Start of Information supplied

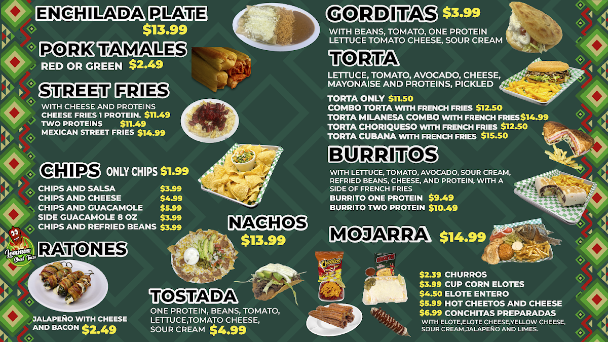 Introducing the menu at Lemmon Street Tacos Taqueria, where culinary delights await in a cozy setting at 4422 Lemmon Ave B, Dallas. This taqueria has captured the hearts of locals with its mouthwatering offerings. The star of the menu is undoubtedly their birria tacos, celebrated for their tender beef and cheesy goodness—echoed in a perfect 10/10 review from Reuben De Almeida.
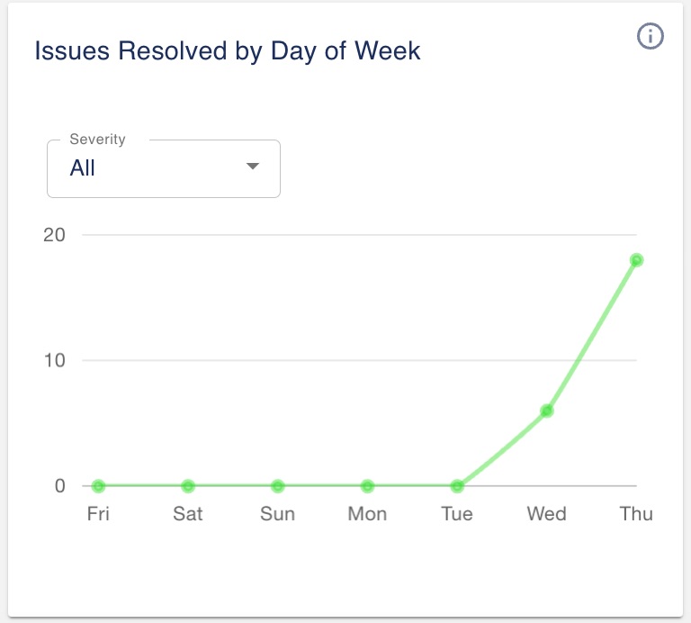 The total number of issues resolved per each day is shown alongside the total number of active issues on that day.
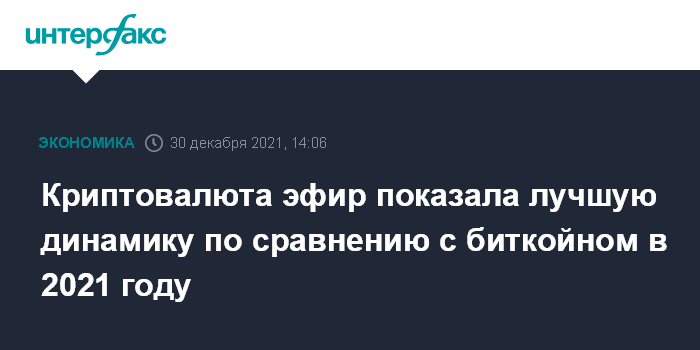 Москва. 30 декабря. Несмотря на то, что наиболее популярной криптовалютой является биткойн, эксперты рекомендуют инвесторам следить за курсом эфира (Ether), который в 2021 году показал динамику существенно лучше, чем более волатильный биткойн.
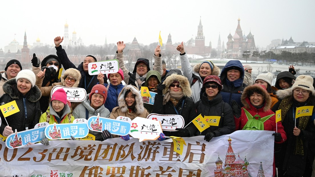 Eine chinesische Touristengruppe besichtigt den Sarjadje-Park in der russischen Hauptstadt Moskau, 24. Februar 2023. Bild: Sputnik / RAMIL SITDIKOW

End of Information supplied

## Directions
Your response must reproduce the listing above word for word and must contain none of its pictures.

## Result
 Introducing the menu at Lemmon Street Tacos Taqueria, where culinary delights await in a cozy setting at 4422 Lemmon Ave B, Dallas. This taqueria has captured the hearts of locals with its mouthwatering offerings. The star of the menu is undoubtedly their birria tacos, celebrated for their tender beef and cheesy goodness—echoed in a perfect 10/10 review from Reuben De Almeida.
 The total number of issues resolved per each day is shown alongside the total number of active issues on that day.
 Москва. 30 декабря. Несмотря на то, что наиболее популярной криптовалютой является биткойн, эксперты рекомендуют инвесторам следить за курсом эфира (Ether), который в 2021 году показал динамику существенно лучше, чем более волатильный биткойн.
 Eine chinesische Touristengruppe besichtigt den Sarjadje-Park in der russischen Hauptstadt Moskau, 24. Februar 2023. Bild: Sputnik / RAMIL SITDIKOW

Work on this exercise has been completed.